Delphini guarda sua madre, mentre si getta ai piedi del suo Signore: pieno di disprezzo, quello sguardo che lui le regala, pieno di remore quello di lei mentre si allunga verso di lui per baciargli la veste. Ti prego, pensa la loro unica figlia, fermalo.
Non le ode, le parole di sua madre singhiozzate ai piedi di Lord Voldemort, non ode le sue risposte: è tutto come immerso in una gigantesca bolla di silenzio che l’avvolge e non la lascia nemmeno respirare, se non nel momento in cui la mano di suo padre s’agita in direzione di Harry Potter. Ma il colpo non arriva.
«No!» grida Delphini, accovacciandosi ai piedi di Voldemort, impedendogli di scagliare l’incantesimo. «Devi fuggire, padre. Silente è qui, il Ministro sta arrivando».

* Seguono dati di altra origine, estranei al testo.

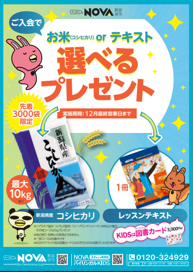新潟県産コシヒカリ🌾 または レッスンテキスト📖をプレゼント🎁
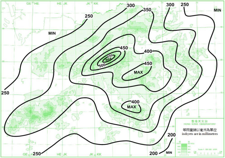 Distribution Map of Mean July Rainfall in Hong Kong (1981-2010)
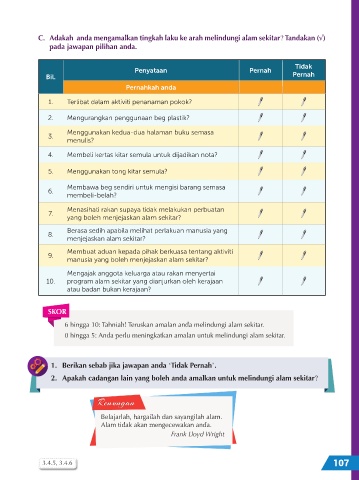 C. Adakah anda mengamalkan tingkah laku ke arah melindungi alam sekitar? Tandakan (Ö)

Bellatrix Spalanca gli occhi, mentre il suo Signore si china, afferrando lei per un braccio e sua figlia per la manica della maglia, Smaterializzandosi in un crack di fronte allo sguardo sgomentato di Harry Potter.
«Mio Signore» singhiozza Bellatrix, nella sala di pranzo della casa di sua sorella minore. «Perché siete fuggito, voi… potevamo uccidere Potter, l’avrei ucciso per voi con le mie stesse mani!».
Ma Lord Voldemort alza un braccio, mettendola a tacere con uno sguardo e un gesto appena accennato.
«Io mi ricordo di te» sibila, piano. «Al cimitero, l’anno scorso, tu eri lì».
Delphini china il capo: questa volta, si dice, è talmente disperata che farsi uccidere dal proprio stesso padre le andrebbe bene. Questa volta, si dice, va bene morire ai suoi piedi ed attendere quella fine che sarà giusta o in giusta, ma sicuramente rapida e le caverà via l’aria dai polmoni in un battito di ciglia. Ma, anche questa volta, il colpo non arriva.
Lord Voldemort si gira la bacchetta tra le mani, con aria pensierosa, scrutandola come se sul viso potesse intuirne le risposte.
«Lei sa cosa ti ho chiesto, per ben due volte, Bellatrix» commenta, in direzione della sua migliore Luogotenente. «E pare essere stata il tuo tentativo migliore, venuta dal futuro per avvertirmi di un pericolo imminente».
«Mente» sussurra Bellatrix, in tono appassionato. «Io non vi darei mai una bambina inutile, mio Signore, io vi darei solamente il maschio che mi avete ordinato. Nulla di meno».
«Dille come ti chiami» le ordina Voldemort, puntandole contro la bacchetta.
«Delphini Lestrange» sussurra la ragazza, senza paura, ma piena di rassegnazione. «Delphi».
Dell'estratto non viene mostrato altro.